The preparation method of the Bi-2223/AgAu superconducting strip with high current carrying and low heat conduction is characterized in that in the step one, the volume percentage of oxygen in the low-oxygen partial pressure atmosphere is 7.5%, the balance gas is argon, and the mass purity of the argon is 99.995%. The Bi-2223 phase forming process belongs to oxygen release, and in the initial stage of Bi-2223 phase formation, the low oxygen partial pressure and the balance gas are preferably selected to contribute to the generation of the Bi-2223 phase, so that the multi-core Bi-2223/AgAu superconducting tape can obtain more Bi-2223 phase content under the same heat treatment condition, the critical current density of the multi-core Bi-2223/AgAu superconducting tape is further improved, the powder is prevented from adsorbing other gases such as water and carbon dioxide, the bubbling phenomenon is prevented as much as possible, and the quality of the multi-core Bi-2223/AgAu superconducting tape is improved.

The preparation method of the high-current-carrying low-heat-conductivity Bi-2223/AgAu superconducting strip is characterized in that in the step one, the mass content of the Au element in the AgAu alloy tube is 5%, the outer diameter of the AgAu alloy tube is 12mm, and the wall thickness is 1 mm-1.5 mm. By adopting the AgAu alloy tube with the gold content, the thermal conductivity of the sheath material is greatly reduced, and further the conduction heat leakage of the Bi-2223/AgAu superconducting strip is reduced.
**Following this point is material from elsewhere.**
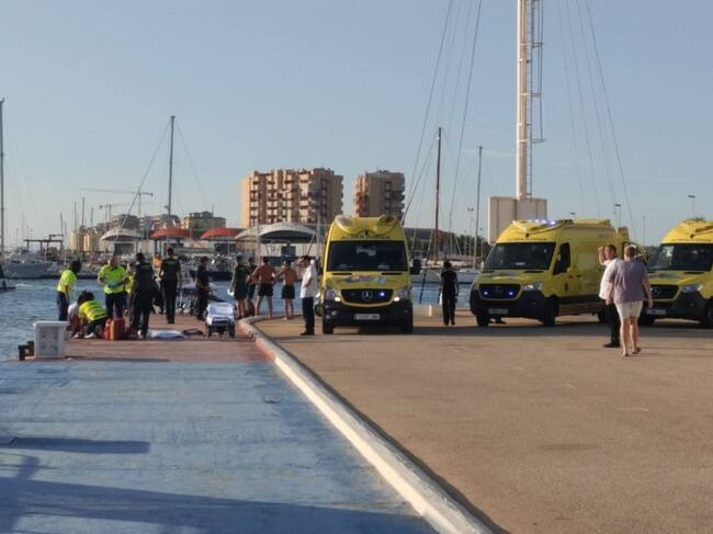 Una vez en el puerto, se informó de la existencia de dos heridos, un niño de 9 años y una mujer de 37. Tras ser estabilizados, fueron trasladados por ambulancias del 061 al hospital Virgen de la Arrixaca de Murcia con heridas muy graves.

The preparation method of the Bi-2223/AgAu superconducting strip with high current carrying and low heat conduction is characterized in that the opposite edge distance of the cross section of the single-core wire in the step two is 1.36-2.05 mm; the number of the single-core wires is 37, 55 or 85, and the mass content of the Au element in the AgAu alloy tube is 5%. The number of the preferable multiple single-core wires effectively increases the area of a high-current-carrying area, namely a silver/super interface, and further improves the critical current density of the Bi-2223/AgAu superconducting tape.

The preparation method of the Bi-2223/AgAu superconducting strip with high current carrying and low heat conduction is characterized in that the pass processing rate of the pass rolling in the step three is 10%, and the pass processing rate of the drawing processing is 10% -20%. The optimal pass processing rate of pass rolling and drawing effectively promotes the uniform deformation of the second tubulation complex, improves the core wire density in the multi-core Bi-2223/AgAu strip, and is beneficial to preparing the multi-core Bi-2223/AgAu strip with high current-carrying performance.

The preparation method of the Bi-2223/AgAu superconducting strip with high current carrying and low heat conduction is characterized in that in the fourth step, the volume content of oxygen in the low-oxygen atmosphere is 7.5%, the equilibrium gas is argon, the mass purity of the argon is 99.995%, and the temperature of the heat treatment is 822-828 ℃. The optimized heat treatment process parameters furthest ensure the generation of Bi-2223 phases and the improvement of intercrystalline connectivity, and further improve the high current-carrying performance of the multi-core Bi-2223/AgAu strip.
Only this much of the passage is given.